Wednesday, March 07, 2007

Do you need feet to fly?

I was telling my accountant the other day that I was going to have to fly in place of someone who had hurt his foot. She laughed, thinking that I was joking. When I told her I wasn't, she told me that she didn't think that people needed feet to fly.

The answer is that yes, you do! Uh, well, sometimes. More complex aircraft have an autopilot and/or yaw damper system so that you can in cruise flight take your feet off of the pedals, but everyone needs to use their rudder pedals for takeoff and landing. Helicopter pilots use their pedals (called anti-torque pedals) to counteract the torque of the main rotor. Remember Newton's Law of "For every action there is an equal but opposite reaction?" See: It would be nauseating to be spinning in the opposite direction of the rotor blades.
And, more importantly, there are also organizations, like Able Flight, that promote flying for people with disabilities. That includes not having, or not having use of, feet.

From the Centennial of Flight Website:
The rudder controls the movement of the aircraft around its vertical axis. The rudder is one of three primary flight control surfaces found on an airplane. It is a movable surface hinged to the fixed surface that is located at the rear of the aircraft called the vertical stabilizer, or fin. The rudder controls movement of the airplane about its vertical axis and causes the airplane's nose to move to the right or left and point in a different direction. This motion is called "yaw."

Control cables connect the rudder to the rudder pedals. Pushing down the right rudder pedal moves the rudder to the right and causes the plane to turn to the right. Pushing down the left rudder pedal turns the plane to the left.

That's a pretty simple explanation, especially since it can be said pilots primarily use the ailerons to turn the aircraft in most cases. Ailerons are deflected on the wing to change the amount of lift produced by one wing. Read on to learn more.

Wikipedia, as usual, says it better (But I wanted to make a pitch for the Centennial of Flight Website, they have some cool stuff).

On an aircraft, the rudder is called a "control surface" along with the rudder-like elevator (attached to horizontal tail structure) and ailerons (attached to the wings) that control pitch and roll. The rudder is usually attached to the fin (or vertical stabilizer) which allows the pilot to control yaw in the horizontal axis, ie change the horizontal direction in which the nose is pointing.
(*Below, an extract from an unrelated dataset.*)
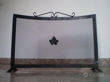 DESCRIZIONE: parascintille per camino curvo a schermo rettangolare in ferro battuto "Made in Italy" da interno e anche per esterno con al centro per decoro una foglia di vite; ha la griglia a maglia fitta in acciaio che rappresenta la protezione ottimale dalle scintille e dal calore per l’area intorno al camino; colore di verniciatura nero; vedere foto

The rudder's direction is manipulated with the movement of foot pedals by the pilot.

In practice, both aileron and rudder control input are used together to turn an aircraft, the ailerons imparting roll, the rudder imparting yaw, and also compensating for a phenomenon called adverse yaw. Adverse yaw is readily seen if the ailerons alone are used for a turn. The downward moving aileron acts like a flap, generating more lift for one wing, and therefore more drag. Initially, this drag yaws the aircraft in the direction opposite to the desired course. A rudder alone will turn a conventional fixed wing aircraft, but much more slowly than if ailerons are also used in conjunction.

Ailerons are the trailing-edge control surface nearest the wing tip (although on some airliners they can also be found at the wing root). On this parked Piper Cherokee the aileron has deflected downwards.

Use of rudder and ailerons together produces co-ordinated turns, in which the longitudinal axis of the aircraft is in line with the arc of the turn, neither slipping (under-ruddered), nor skidding (over-ruddered). Improperly ruddered turns at low speed can precipitate a spin which can be dangerous at low altitudes.

Sometimes pilots may intentionally operate the rudder and ailerons in opposite directions in a maneuver called a forward slip. This may be done to overcome crosswinds and keep the fuselage in line with the runway, or to more rapidly lose altitude by increasing drag, or both.